Three lines are reshaping what the index-time job produces. Long-context embedders such as the E5-Mistral and NV-Embed families and the Jina and Nomic long-document encoders push the context window from a few hundred tokens to thousands, easing the chunking tradeoff by letting one vector cover a whole section without losing detail. Matryoshka representation learning (Kusupati et al., 2022, now widely shipped in 2024 to 2026 models including OpenAI's text-embedding-3 and the Nomic and bge-m3 releases) trains a single embedding whose leading dimensions are themselves a usable shorter embedding, so one index-time pass yields vectors you can truncate to 64, 256, or 768 dimensions and trade recall for storage and search cost without re-embedding. Multi-vector models in the ColBERT lineage (ColBERTv2 and the 2024 ColBERT-style late-interaction retrievers) abandon the one-vector-per-chunk premise entirely, storing a vector per token for finer-grained matching, which multiplies index size and reshapes the distributed search of Sections 25.4 and 25.5. Each shifts the cost arithmetic of Section 2, and each still obeys the consistency rule of Section 4: whatever the model produces, index and query must produce it the same way.

With the corpus turned into vectors and the consistency contract understood, the open question is where those billions of vectors live and how they are searched. That is the job of a vector database: a system that stores vectors, indexes them for approximate nearest-neighbor search, and shards across machines when the index outgrows one of them. Section 25.3 takes up that system, and the chunking and dimensionality choices made here set the scale it must handle.

Exercise 25.2.1: Size the Re-Embedding Bill Conceptual

Using the formulas in Section 2, your team has a corpus of 500 million documents at 8 chunks each, an accelerator that embeds 1,500 chunks per second, and a price of \$3.00 per GPU-hour. (a) Compute the total GPU-hours and dollar cost of one full index-time embedding pass. (b) You upgrade the embedding model and must re-embed from scratch into a fresh index.
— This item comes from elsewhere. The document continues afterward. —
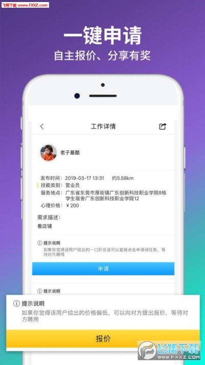 趣客兼职app,就近分配工作,兼职随时找。给用户们提供三公里内的兼职招募,如果有需要就来下载吧。一键申请,提供更好的服务。

Explain, referencing Section 4, why you cannot simply upgrade the query encoder and leave the old index in place. (c) If the new model has a 2x larger context window and you halve the chunk count to take advantage of it, how do the GPU-hours and the cost change, and what retrieval-quality risk does the coarser chunking introduce?

Exercise 25.2.2: Measure the Opposite-Goals Curve Coding

Extend the Part 2 batch-size loop in Code 25.2.1 to sweep batch sizes from 1 to 2,048 in powers of two, recording per-request latency and fleet throughput for each. Plot throughput against latency (a Pareto frontier). Mark the point an index-time job should pick (maximize throughput subject to fitting GPU memory) and the point a query-time path should pick (minimize latency subject to a target of at least, say, 100 chunks per second). Then add a second curve for a smaller fixed_ms (a cheaper per-call cost) and explain how reducing the fixed cost changes where the query-time path should operate.

Exercise 25.2.3: Quantify Graceful Skew Analysis

The Part 3 demo uses two independent random projections, so a mismatched model gives recall 0.000, a worst case. Real model versions are correlated. Modify the experiment so model B is a perturbation of model A, proj_B = proj_A + eps * noise, and sweep eps from 0 (identical) upward. Plot recall@1 against eps. Argue from the curve why embedding-version skew is more dangerous than a hard crash: identify the regime where recall is degraded but still high enough that the system looks healthy, and connect this to the training/serving skew framing of Chapter 9.